Art. 21. O automonitoramento de uso da água e os sistemas de medição, registro e transmissão de dados poderão ser atestados por profissional habilitado, mediante Anotação de Responsabilidade Técnica - ART ou documento equivalente.

§1º O usuário é responsável pela veracidade, integridade e rastreabilidade dos dados fornecidos, sujeitando-se às sanções administrativas e legais em caso de informações falsas ou omissões.

§2º O NATURATINS poderá, a qualquer tempo, solicitar o comprovante da ART ou documento de responsabilidade técnica aplicável ao sistema de medição e automonitoramento.

Art. 22. Para as Outorgas emitidas após a publicação desta Portaria, o prazo máximo para início do monitoramento é de 120 (cento e vinte) dias para a telemetria e de 90 (noventa) dias para os demais casos.

Parágrafo único. Para os empreendimentos que ainda não estejam instalados, ultrapassado os prazos estipulados no caput deste artigo, o usuário devera iniciar o automonitoramento imediatamente junto ao início das atividades.

Art. 23. Para as Outorgas emitidas anteriormente à publicação desta Portaria, o prazo máximo para início do monitoramento é de 180 (cento e oitenta) dias para telemetria e de 120 (cento e vinte) dias para os demais casos.

Art. 24. Para as Outorgas que se enquadrem nos casos estabelecidos no art. 19 desta Portaria, o NATURATINS poderá estabelecer prazos específicos para o inicio do monitoramento.

Art. 25. O usuário deverá garantir livre acesso de servidores ou representantes do Naturatins, devidamente credenciados, aos equipamentos de medição e de registros de dados para realizar atividades de fiscalização e inspeção.

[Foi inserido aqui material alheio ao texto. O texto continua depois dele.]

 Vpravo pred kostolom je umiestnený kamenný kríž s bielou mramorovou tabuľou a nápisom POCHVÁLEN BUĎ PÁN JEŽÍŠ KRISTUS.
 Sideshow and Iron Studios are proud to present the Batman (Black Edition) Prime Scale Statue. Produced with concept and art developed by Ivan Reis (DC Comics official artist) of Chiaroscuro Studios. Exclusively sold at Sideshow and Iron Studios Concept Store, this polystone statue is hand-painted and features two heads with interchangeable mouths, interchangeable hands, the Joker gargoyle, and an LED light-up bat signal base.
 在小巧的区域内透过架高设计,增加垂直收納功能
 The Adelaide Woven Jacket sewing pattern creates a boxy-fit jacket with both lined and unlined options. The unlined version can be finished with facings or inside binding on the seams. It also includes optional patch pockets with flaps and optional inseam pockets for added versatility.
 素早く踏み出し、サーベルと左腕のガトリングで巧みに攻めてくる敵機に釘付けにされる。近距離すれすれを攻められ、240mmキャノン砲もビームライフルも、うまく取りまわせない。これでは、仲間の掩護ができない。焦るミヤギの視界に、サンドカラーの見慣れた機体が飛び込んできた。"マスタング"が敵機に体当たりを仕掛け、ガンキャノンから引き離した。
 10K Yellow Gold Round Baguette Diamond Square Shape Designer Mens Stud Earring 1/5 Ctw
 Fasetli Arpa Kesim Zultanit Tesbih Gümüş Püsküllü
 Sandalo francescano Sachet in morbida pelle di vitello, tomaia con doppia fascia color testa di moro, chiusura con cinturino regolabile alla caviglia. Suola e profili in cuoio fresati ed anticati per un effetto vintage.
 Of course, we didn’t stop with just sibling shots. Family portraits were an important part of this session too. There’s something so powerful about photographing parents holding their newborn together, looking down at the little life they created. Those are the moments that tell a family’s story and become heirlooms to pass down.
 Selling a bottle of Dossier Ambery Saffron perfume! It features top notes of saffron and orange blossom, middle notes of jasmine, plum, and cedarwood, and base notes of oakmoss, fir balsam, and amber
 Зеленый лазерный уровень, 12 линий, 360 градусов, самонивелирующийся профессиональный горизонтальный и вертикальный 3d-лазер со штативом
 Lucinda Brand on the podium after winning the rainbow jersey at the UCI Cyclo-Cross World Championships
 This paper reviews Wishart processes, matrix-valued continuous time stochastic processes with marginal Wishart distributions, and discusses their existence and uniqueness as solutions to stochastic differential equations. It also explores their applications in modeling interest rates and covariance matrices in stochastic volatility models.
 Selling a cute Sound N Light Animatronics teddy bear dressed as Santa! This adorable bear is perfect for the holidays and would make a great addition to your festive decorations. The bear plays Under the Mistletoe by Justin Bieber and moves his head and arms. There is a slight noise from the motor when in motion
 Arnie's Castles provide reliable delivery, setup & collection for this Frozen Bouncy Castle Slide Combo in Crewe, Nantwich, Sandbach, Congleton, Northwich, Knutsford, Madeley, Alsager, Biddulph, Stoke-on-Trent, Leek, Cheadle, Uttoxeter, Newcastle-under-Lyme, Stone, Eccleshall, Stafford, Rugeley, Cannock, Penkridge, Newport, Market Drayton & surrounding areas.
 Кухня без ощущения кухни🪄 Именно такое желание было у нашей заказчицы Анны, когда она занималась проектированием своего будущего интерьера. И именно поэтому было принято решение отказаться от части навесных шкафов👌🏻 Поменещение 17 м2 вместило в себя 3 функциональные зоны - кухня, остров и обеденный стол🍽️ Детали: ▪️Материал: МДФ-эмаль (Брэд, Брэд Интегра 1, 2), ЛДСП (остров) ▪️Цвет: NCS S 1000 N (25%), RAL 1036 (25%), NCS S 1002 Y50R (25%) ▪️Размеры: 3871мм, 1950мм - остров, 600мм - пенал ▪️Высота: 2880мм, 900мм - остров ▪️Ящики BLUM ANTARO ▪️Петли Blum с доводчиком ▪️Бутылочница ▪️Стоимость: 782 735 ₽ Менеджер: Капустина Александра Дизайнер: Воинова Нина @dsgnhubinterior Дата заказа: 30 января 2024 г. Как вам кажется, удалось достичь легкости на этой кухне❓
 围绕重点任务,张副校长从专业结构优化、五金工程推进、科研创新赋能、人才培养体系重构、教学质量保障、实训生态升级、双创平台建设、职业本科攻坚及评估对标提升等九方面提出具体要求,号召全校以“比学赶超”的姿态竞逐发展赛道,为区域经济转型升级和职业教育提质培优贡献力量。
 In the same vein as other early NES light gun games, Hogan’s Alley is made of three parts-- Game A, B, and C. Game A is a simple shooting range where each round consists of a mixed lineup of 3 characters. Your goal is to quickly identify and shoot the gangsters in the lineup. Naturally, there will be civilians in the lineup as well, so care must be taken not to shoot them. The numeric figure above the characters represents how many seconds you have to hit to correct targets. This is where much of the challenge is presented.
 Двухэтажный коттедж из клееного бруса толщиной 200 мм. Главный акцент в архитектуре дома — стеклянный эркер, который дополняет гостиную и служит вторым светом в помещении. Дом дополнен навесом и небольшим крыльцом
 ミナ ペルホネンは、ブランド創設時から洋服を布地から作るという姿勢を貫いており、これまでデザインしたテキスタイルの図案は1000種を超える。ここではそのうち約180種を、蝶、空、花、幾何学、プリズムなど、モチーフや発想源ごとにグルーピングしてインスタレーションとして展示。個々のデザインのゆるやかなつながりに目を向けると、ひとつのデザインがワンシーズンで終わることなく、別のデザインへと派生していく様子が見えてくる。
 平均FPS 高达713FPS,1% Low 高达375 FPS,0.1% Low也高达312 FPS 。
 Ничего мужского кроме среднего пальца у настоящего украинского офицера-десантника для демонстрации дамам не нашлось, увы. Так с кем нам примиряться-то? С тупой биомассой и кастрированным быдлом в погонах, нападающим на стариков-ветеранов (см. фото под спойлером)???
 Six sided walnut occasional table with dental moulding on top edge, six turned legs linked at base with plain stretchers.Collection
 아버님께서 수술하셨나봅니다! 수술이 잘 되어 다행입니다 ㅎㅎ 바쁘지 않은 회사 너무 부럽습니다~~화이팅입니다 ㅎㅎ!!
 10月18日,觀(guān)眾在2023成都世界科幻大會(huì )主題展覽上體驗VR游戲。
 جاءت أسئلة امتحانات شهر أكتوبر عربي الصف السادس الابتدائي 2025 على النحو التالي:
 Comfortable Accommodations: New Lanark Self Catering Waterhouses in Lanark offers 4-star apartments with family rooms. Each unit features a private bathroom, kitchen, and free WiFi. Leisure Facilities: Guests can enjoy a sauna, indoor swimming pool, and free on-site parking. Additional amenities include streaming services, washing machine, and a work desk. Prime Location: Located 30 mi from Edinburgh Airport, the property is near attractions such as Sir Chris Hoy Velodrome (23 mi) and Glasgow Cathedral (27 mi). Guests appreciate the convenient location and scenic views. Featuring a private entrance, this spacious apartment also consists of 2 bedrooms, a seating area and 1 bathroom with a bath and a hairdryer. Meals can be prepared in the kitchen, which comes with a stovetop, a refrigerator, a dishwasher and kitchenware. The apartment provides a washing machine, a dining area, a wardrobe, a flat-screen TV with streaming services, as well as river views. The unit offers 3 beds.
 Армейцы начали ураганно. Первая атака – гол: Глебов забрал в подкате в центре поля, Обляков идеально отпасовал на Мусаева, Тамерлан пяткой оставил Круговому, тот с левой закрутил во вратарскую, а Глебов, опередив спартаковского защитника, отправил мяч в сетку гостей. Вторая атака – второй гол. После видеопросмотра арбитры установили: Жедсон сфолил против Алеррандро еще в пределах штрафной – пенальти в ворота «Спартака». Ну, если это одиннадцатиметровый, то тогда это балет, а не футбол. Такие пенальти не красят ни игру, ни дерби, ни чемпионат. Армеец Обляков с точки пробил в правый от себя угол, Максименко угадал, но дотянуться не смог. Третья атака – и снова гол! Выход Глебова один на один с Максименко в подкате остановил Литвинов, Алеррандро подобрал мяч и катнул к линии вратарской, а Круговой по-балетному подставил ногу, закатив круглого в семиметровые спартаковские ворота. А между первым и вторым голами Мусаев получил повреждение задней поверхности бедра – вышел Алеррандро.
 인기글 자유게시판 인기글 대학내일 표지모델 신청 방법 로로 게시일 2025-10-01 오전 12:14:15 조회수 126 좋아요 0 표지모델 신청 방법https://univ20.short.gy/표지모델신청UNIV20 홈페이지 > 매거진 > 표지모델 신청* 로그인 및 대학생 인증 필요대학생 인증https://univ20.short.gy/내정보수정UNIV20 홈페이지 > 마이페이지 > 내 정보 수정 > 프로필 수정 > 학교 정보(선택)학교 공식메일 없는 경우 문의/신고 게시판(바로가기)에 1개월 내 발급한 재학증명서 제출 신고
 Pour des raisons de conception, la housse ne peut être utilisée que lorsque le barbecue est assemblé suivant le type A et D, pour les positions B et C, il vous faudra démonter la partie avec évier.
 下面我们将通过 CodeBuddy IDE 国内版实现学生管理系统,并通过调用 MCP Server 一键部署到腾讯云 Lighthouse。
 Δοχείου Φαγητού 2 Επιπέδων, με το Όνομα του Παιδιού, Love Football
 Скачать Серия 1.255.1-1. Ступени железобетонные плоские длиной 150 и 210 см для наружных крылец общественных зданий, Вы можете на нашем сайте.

Art. 26. Os usuários deverão manter armazenados e acessíveis os dados detalhados de medição de uso da água dos últimos 12 (doze) meses, compatíveis com as características do sistema de medição.

Art. 27. A não observância do disposto nesta Portaria constitui infração às normas de utilização de recursos hídricos, podendo acarretar na suspensão ou revogação do ato de Outorga.

Art. 28. Esta Portaria entra em vigor na data de sua publicação, revogando a Portaria Naturatins nº 156, de 31 de maio de 2019.